Nur ein „einzelnes Haus“ hat vielleicht Umsatzeinbußen?
Wulf-Siegmar Mierke warf der CDU vor mit der „Schlechtrederei“ der Stadt zu schaden – „einzig ein einzelnes Haus“ hätte vielleicht Einbußen im Umsatz gemacht und würde um seine Pfründe fürchten.
Man hätte nichts gewonnen, so Mierke, wenn man dem Antrag der CDU jetzt folgen würde.
Haben die Befürworter der Sperrung Angst vor den Bürgern?
Burkhard Jasper betont seine Partei, die CDU, stehe für Transparenz und sei daher für eine Bürgerbefragung. Die Befürworter der Neumarkt-Sperrung hätten nur Angst vor dem Ergebnis, wenn die Bürger befragt würden.

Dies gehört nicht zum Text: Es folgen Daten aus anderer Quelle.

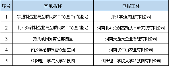 根据专家意见,经研究,拟确定河南森源重工有限公司——电动专用车辆研发创新平台等14个平台为2018年河南省制造业“双创”平台;郑州宇通集团有限公司——宇通制造业与互联网融合“双创”示范基地等5个基地为2018年河南省制造业与互联网融合“双创”基地。公示时间为2018年10月17日至2018年10月23日。
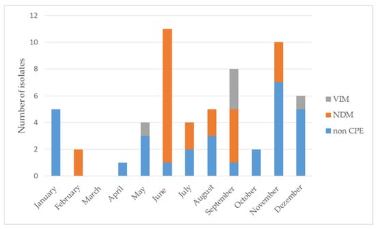 In June 2020, a significant increase in the number of CPE isolates was recorded compared to the remaining months of the year. The tested CPE isolates belonged to the species K. pneumoniae, and all of them produced NDM-type carbapenemase (Figure 5).

Er erinnerte aber auch daran, dass es einen Kompromiss mit der CDU gab, den Neumarkt nicht mehr vierspurig, aber weiter durchlässig zu halten.
Mit einem Appell zur Ehrlichkeit beendete Jasper seine Rede:
Sagen Sie der Bevölkerung sie wollen den Neumarkt nie wieder öffnen!
Auch Jaspers Fraktionskollegin Katharina Pötter bezweifelte die Ergebnisse der Verkehrszählung:
„Der Stau ist erheblich mehr geworden“ – die Verkehrszählung sei methodisch zumindest fragwürdig, so Pötter.
Auch Sie plädierte nochmals für den kurzfristig von der CDU eingebrachten Antrag zur Befragung der Bürger.
Gegen Ende der Debatte meldete sich schließlich Oberbürgermeister Wolfgang Griesert zu Wort
„Es ist die Rede von Visionen gewesen, so der Bürgermeister, aber:
man muss nicht nur wissen was man will, sondern was man tut
Der Verwaltungschef mahnte an, dass zum Beispiel Taxifahrer und Anlieger „keine Versuchskaninchen“ sind!
Erst im Juni sind alle Fakten auf dem Tisch
Zum weiteren Vorgehen in der Baustellenplanung erklärte Griesert: „Es ist noch nichts zur Baustellenlogistikk bekannt. Erst in der nächsten Woche wird es ein Gespräch geben um solche Fragen zu klären“.
Und weiter „Erst im Juni sind alle Fakten auf dem Tisch. Lassen Sie uns nicht alle zu Versuchskaninchen machen“.
Es war dem Oberbürgermeister anzumerken, dass er eine Lösung suchte, die erst dann zu einer Sperrung führt, wenn alle Fakten bekannt sind.
Auch Griesert erinnerte daran, dass der Stadtrat ursprünglich „gemeinsam eine zweispurige Befahrung des Neumarkts beschlossen“ hatte. Und nochmal erinnerte er daran, dass die für den Bau verantwortlichen Parteien sich erst in der Folgewoche treffen werden: „Warten Sie das Gespräch in der nächsten Woche ab“.
Gegen die Stimmen der Unionsfraktion wurde sowohl der Antrag auf eine Bürgerbefragung als auch die Option der Verschiebung der Entscheidung auf die nächste Ratssitzung, abgelehnt.